Like Sarala, her contemporary Kuntala Kumari Sabat (1901-1938) was also an emancipator, activist and literary artist who expressed extensively in prose and poetry her concerns for the plight of her homeland Utkal, the freedom of India and the cause of women's emancipation. She spoke out in many forums for the empowerment of women and the collection presents one of her speeches The Crisis of Religion in Modern Times as well as an excerpt from one of her novels which illustrates her empathy for the dispossessed and underdogs in society. Kuntala's writing makes an important statement at the national level and was undoubtedly a source of great inspiration for many literary women in Orissa. Her successors who expounded powerful poetry and prose that centred round the themes of women's experiences during the partition and in the post-independence period include Shakuntala Devi, Sushila Devi, Nandini Panigrahi, Urmila Devi, Malati Choudhury, and Hemalata Mansingh. Their literature dealt with social realities such as industrialisation, poverty, exile, widow remarriage and all the symptomatic effects of women trapped in a patriarchal order.
Other literary women like Sailabala Das (1875-1968), the first Oriya woman to travel to England for higher studies, presents in her travel writing piece a female perspective on travel and a view of colonial India seen from Britain. The contributions of these literary domestics have indeed not been totally unrecognized. Basanta Kumari Pattanaik was the first Oriya woman to receive the highest award of the Orissa Sahitya Academi, the 'Atibadi Puraskar'. The works of these women from Sailabala writing in the early 19th century down to Basanta Kumari Pattanaik writing in the late 20th century and all their contemporaries mark milestones in a journey down a road that Basanta's excerpted text most aptly provides the title for- The Untrodden Path.
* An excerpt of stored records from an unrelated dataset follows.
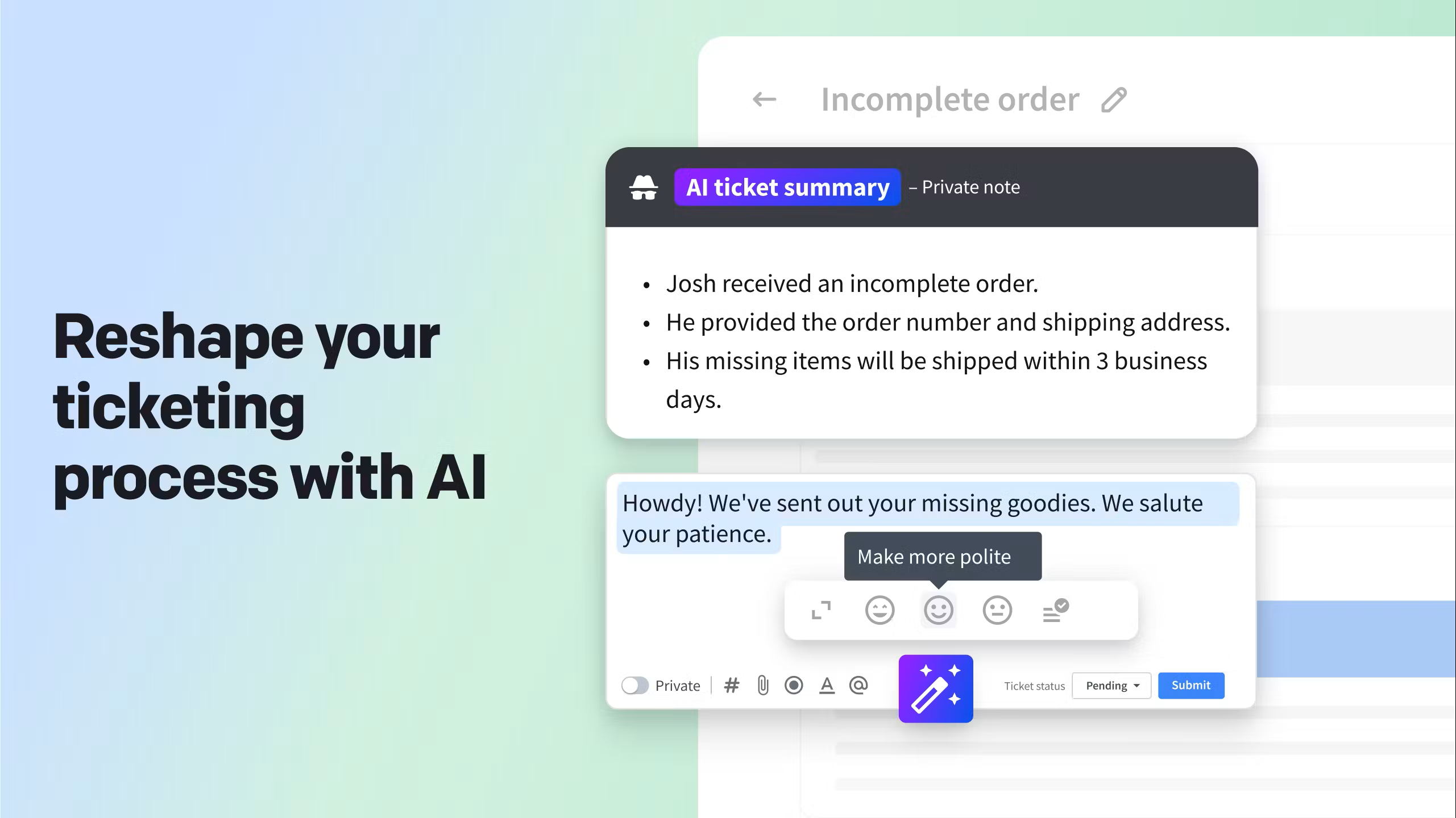 - Elaborazione di risposte personalizzate da parte dell'IA in base alle richieste specifiche, garantendo coerenza in termini di tono e linguaggio. Fornisce articoli pertinenti, articoli della knowledge base e un contesto basato sulla conversazione in corso. Gartner prevede che entro il 2025, l'80% delle organizzazioni che si occupano di assistenza clienti avranno adottato soluzioni basate sull'IA generativa. [2]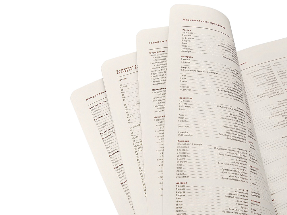 Недатированный ежедневник PARLIAMENT формата A5 в твердом переплете – элегантный деловой аксессуар, подчеркивающий статус владельца с продуманным до мелочей функционалом: - твердая обложка из высококачественной экокожи с декоративной нитью по периметру в тон ежедневника; - золотой срез, контрастирующий с цветом обложки; - скругленные перфорированные углы блока и двойное ляссе для удобства навигации; - внутренний блок с увеличенным количеством страниц - 352, содержит несколько разделов: - страница для персональных данных; - раздел справочной информации на 17 страницах (часовые пояса, аэропорты Европы, международные телефонные коды, размер одежды, телефонные коды России, Беларуси, Казахстана, Армении, цифровые автомобильные коды, римские цифры, расход калорий при физической нагрузке, формат бумаги, десятичные приставки, единицы измерения, греческие буквы, штрихкоды, время распада алкоголя в крови, города-миллионники, национальные праздники, термины международной торговли, температура, скорость, давление, буквенные коды стран, энергетическая и питательная ценность продуктов, страны мира, заметки); - раздел для планирования с разлинованными листами и указанием времени с интервалом в один час; - картонный слив-бокс.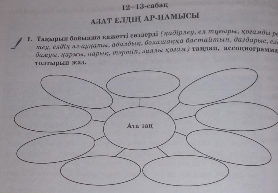 1. Тақырып бойынша қажетті сөздерді (қадірлеу, ел тұғыры, қоғамды рет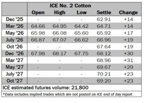 ICE No. 2 cotton settles to the upside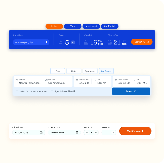Let users find hotels, tours, rentals, or cars with ease—your search adapts to what you offer.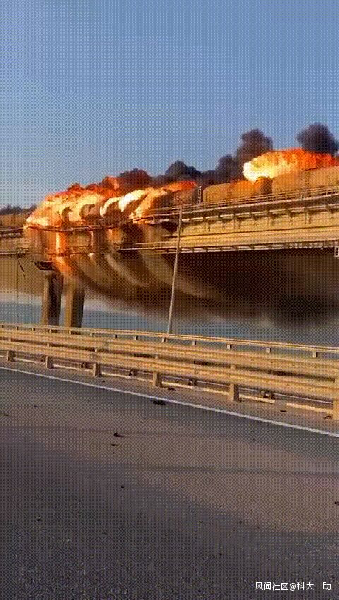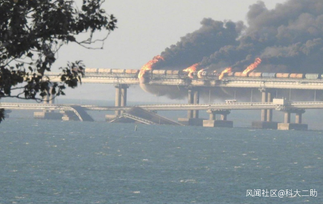 目前,克里米亞的刻赤海峽大橋已經關閉,俄方還緊急啓用了跨海輪渡,刻赤海峽的航運是正常的。油罐起火的貨運列車的車頭,以及部分車皮已經被拖離克里米亞大橋,但油罐車還在克里米亞大橋上燃燒。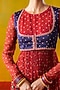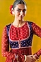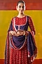 Featuring a red anarkali in chiffon base with bandhani print. It is paired with a blue muslin koti, muslin pants and an organza dupatta. Accentuate it with polki jewellery and block heels for festive occasions or sangeet ceremony.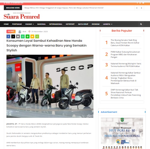 Konsumen Loyal Sambut Kehadiran New Honda Scoopy dengan Warna-warna Baru yang Semakin Stylish by masmul 20 November 2025 in Silahkan kunjungi https://www.suarapemredkalbar.com/read/potret/20112025/konsumen-loyal-sambut-kehadiran-new-honda-scoopy-dengan-warna-warna-baru-yang-semakin-stylish. You Might Like Regional Public Launching New ADV160 The SUV Pride Grand Launching New PCX 160 Truly Exceptional! Tetap hati-hati ya bro sist berkendara saat hujan.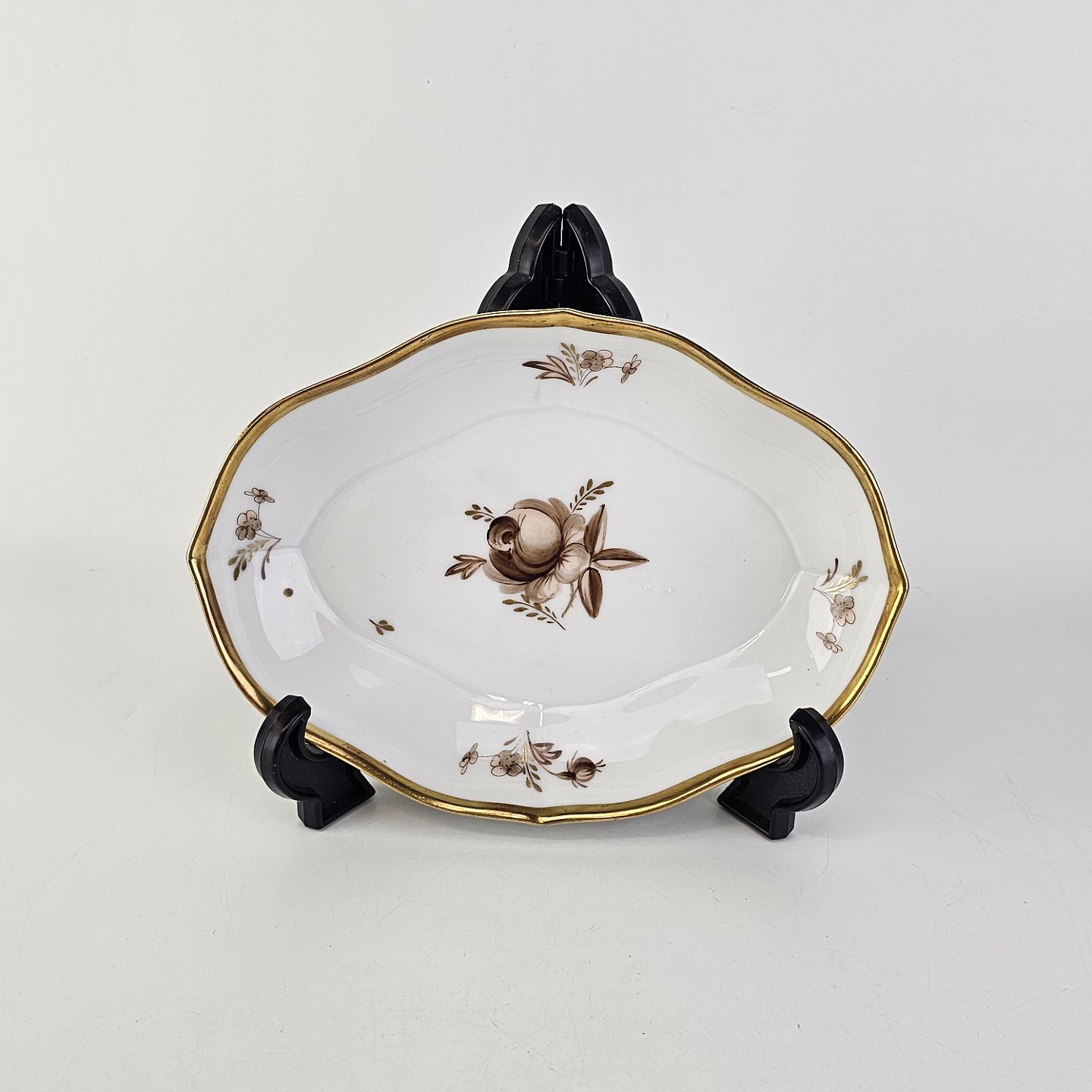 Ovalt kantet fad i porcelæn fra stellet Brun Rose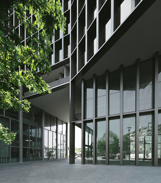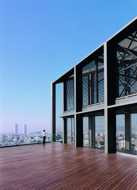 La versatilidad de la distribución interior se apoya asimismo en el empleo de un modelo único y repetido de ventana, desarrollado en continuidad en todas las fachadas, que ofrece una buena iluminación y vistas de la ciudad desde cualquier punto de la torre. Los vidrios en el interior de la retícula evitan el deslumbramiento y quedan protegidos de la insolación directa, del agua y de la suciedad.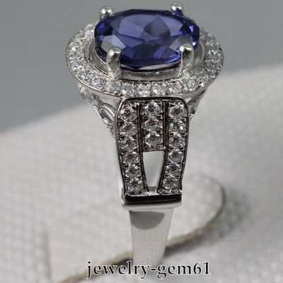 3.14Ct Oval 9*7MM Solid 14Kt White Gold VS Natural Diamond Sapphire Engagement Ring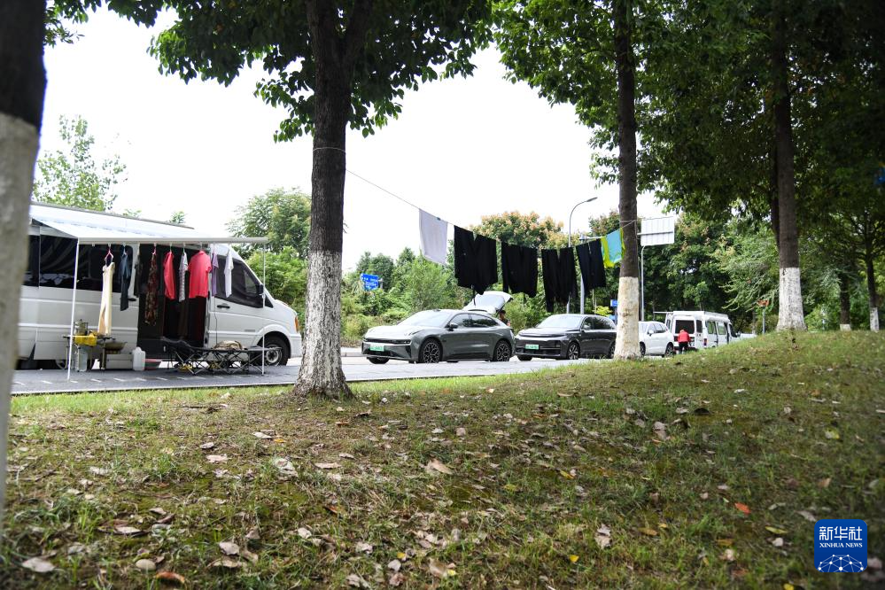 在四川成都新川之心公园,露营者将衣服晾在人行道边(10月1日摄)。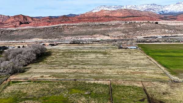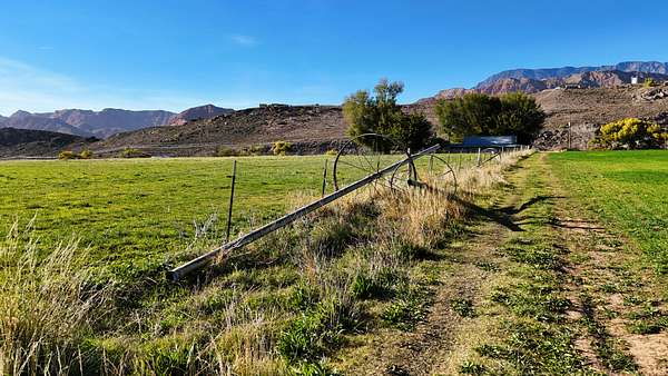 The terrain is primarily level, which may reduce grading needs depending on the intended use. Views from the property include surrounding red rock formations and open skies typical of southwest Utah. The soil quality reflects its agricultural past and may support continued farming, hobby agriculture, or landscaped residential uses where permitted.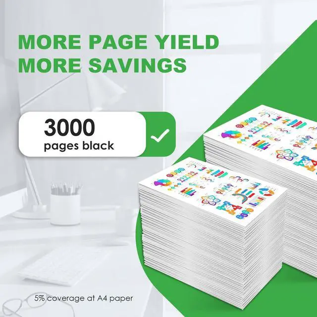 High yield: Up to 3000 pages for black cartridge at 5% coverage (Letter/A4)
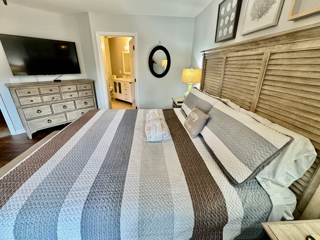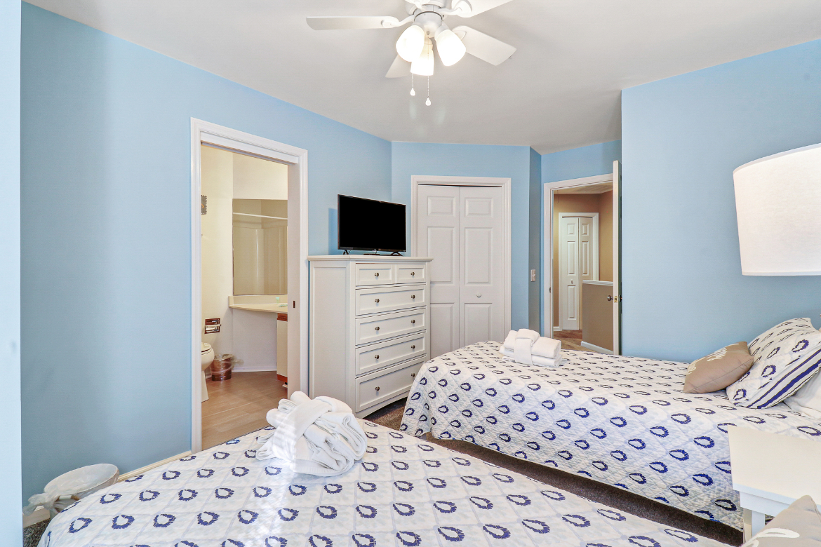 This unit was just placed on the rental market and has been fully remodeled. The beautiful 2 story villa has plenty of space to relax and unwind. The downstairs King bedroom has a private full bath. Upstairs has a private King bedroom with its own full bath. The 3rd bedroom has 2 Twin bunks and also its own private full bath. All bedrooms have HD flatscreen TVs for your enjoyment along with WiFi are all included.

Sachinananda Mohanty professes that his assessment of texts for the selection has been objective and not hagiographic. By including texts like travel notes, speeches and letters as well as fiction and poetry in his selection he aims to show the extraordinary range of interests of these literary women. The choice of texts also attempt to show how the Oriya literary women responded to the issues and ideologies of their times and the linkages that existed among them. A linkage that can indeed be defined as a sisterhood.